Gut Rumbles
 

September 08, 2009

The missed opportunity

Originally published May 28, 2004

On my last night in Costa Rica, I was back in San Jose, so I went out for a nice dinner and strolled the streets for a while. I heard Led Zeppelin playing from a jukebox in a place called "The Nashville Bar," so I stopped in for a cervesa.

I didn't take a good sip of my beer before I had TWO Costa Rican wimmen draped all over me. They were more than friendly, and their wandering hands discovered my ever semi-erect bionic Roscoe right away. I had a few colones in my pocket that I needed to get rid of before I left the country, so I bought both chicas bonitas a drink. I received a glimpse of their titas in return.

I don't know what's wrong with me anymore.

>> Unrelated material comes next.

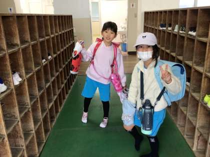 友だちと仲良く元気に登校しています。
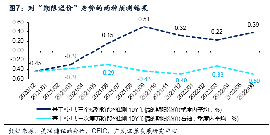 不同模型对期限溢价峰值的预测有所不同,但只影响十年期美债收益率变化的幅度,没有根本改变其拐点和路径。方案一即从最近三次期限溢价触底反弹的情形推算,期限溢价很可能在今年三季度升至逾0.5%的阶段性高位后开始回落,明年一季度或于0.2%附近触底,而后在二季度反弹至0.4%附近,反映市场风险偏好较低;方案二从最近三次美欧经济触底回升的情形推测,期限溢价未来一年半都可能围绕-0.4%的水平窄幅波动,反映市场风险偏好较高(图7)。

In the old days, every brain cell I had would have run straight to my dick and I would have wandered off into the night with those wimmen. Hell, the thought of being robbed or having my throat cut in some dark alley never would have occurred to me. If they were hookers, I had plenty of money to pay them. If they were just looking for sport, I could accomodate both.

But I really wasn't interested.

I bought them a drink, gave them both a cigarette, thanked them for their company and walked out of that bar. I went to a nearby park and sat on a bench next to a big fountain. I wondered what the hell has become of me.

I never thought I would EVER say this, but sex just isn't that important to me anymore. I've cut a large swath in my life. I've had lots of wimmen in my bed. I've had cheap sex, one-night stands, expensive sex, group-gropes and just about everything else you can imagine. I cannot recall the names or the faces of half the wimmen I've had sex with.

Once, I considered myself to be quite a swordsman. Now, looking at where that kind of behavior landed me, I'm not very proud of myself. I don't want to do that shit anymore. I should have either gotten laid or robbed that night, but I ended up sitting on a park bench and thinking about life. After I was finished with my deep thoughts, I walked back to my hotel and went to bed.

I had a plane to catch the next day.